**Goal of the exercise:**
Please repeat only the lines below starting at the line that holds "工作人员将现场装扮的焕然一新" and ending at the line that holds "游客在云南省腾冲市清水乡三家村中寨司莫拉佤族村体验传统乐器(2022年3月31日摄)。新华社记者 曹梦瑶 摄", exactly, with both of those lines included and every picture omitted.

**Data to process:**
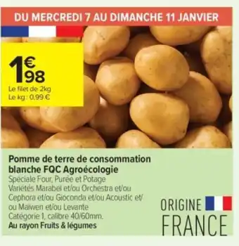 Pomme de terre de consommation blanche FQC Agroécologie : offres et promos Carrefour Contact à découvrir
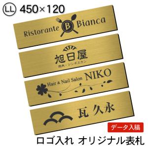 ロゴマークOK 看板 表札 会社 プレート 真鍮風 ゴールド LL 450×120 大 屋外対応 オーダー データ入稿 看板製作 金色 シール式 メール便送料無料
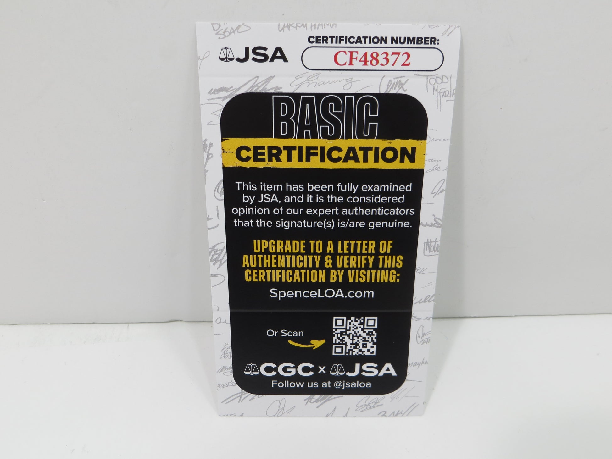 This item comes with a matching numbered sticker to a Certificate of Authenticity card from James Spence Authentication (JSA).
...
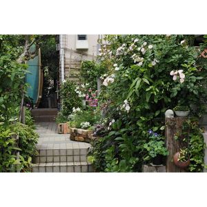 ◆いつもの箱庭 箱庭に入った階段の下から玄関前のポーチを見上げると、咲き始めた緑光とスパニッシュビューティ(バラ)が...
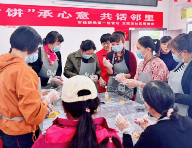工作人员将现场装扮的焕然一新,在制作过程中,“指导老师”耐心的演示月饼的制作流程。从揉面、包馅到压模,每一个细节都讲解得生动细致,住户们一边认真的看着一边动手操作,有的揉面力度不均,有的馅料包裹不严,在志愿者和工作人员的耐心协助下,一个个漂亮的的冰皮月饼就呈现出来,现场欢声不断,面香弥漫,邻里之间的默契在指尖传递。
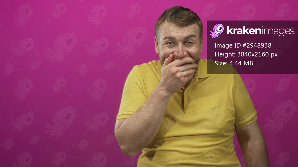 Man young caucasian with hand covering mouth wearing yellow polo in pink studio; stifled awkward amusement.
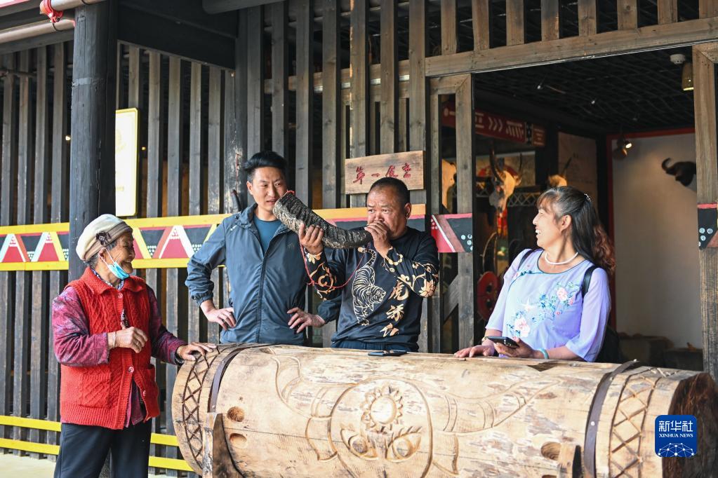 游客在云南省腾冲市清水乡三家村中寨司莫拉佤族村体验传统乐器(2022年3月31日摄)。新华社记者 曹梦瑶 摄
* * *
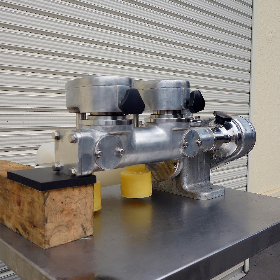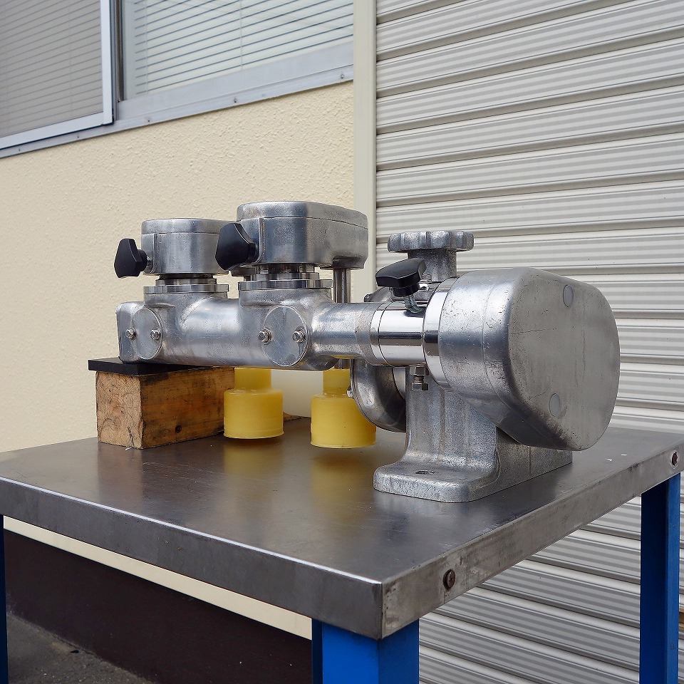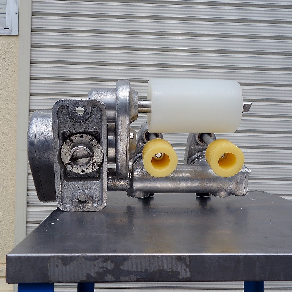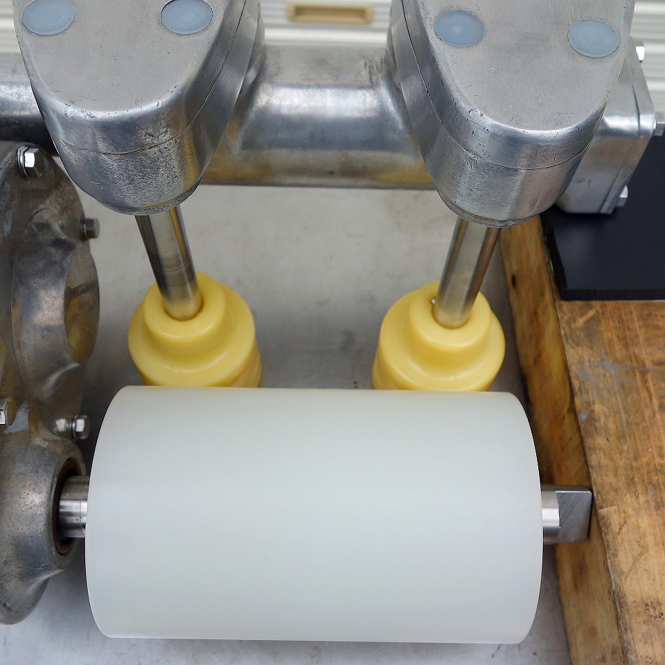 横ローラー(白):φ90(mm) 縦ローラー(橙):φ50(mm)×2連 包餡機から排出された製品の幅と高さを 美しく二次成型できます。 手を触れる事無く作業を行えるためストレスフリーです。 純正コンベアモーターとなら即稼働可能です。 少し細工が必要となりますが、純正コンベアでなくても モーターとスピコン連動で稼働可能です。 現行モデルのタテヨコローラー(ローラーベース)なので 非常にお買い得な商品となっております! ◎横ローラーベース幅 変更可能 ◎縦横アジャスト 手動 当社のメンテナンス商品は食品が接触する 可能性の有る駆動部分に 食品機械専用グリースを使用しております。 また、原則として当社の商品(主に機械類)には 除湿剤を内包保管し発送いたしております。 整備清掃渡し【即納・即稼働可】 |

**Task result:**
工作人员将现场装扮的焕然一新,在制作过程中,“指导老师”耐心的演示月饼的制作流程。从揉面、包馅到压模,每一个细节都讲解得生动细致,住户们一边认真的看着一边动手操作,有的揉面力度不均,有的馅料包裹不严,在志愿者和工作人员的耐心协助下,一个个漂亮的的冰皮月饼就呈现出来,现场欢声不断,面香弥漫,邻里之间的默契在指尖传递。
 Man young caucasian with hand covering mouth wearing yellow polo in pink studio; stifled awkward amusement.
 游客在云南省腾冲市清水乡三家村中寨司莫拉佤族村体验传统乐器(2022年3月31日摄)。新华社记者 曹梦瑶 摄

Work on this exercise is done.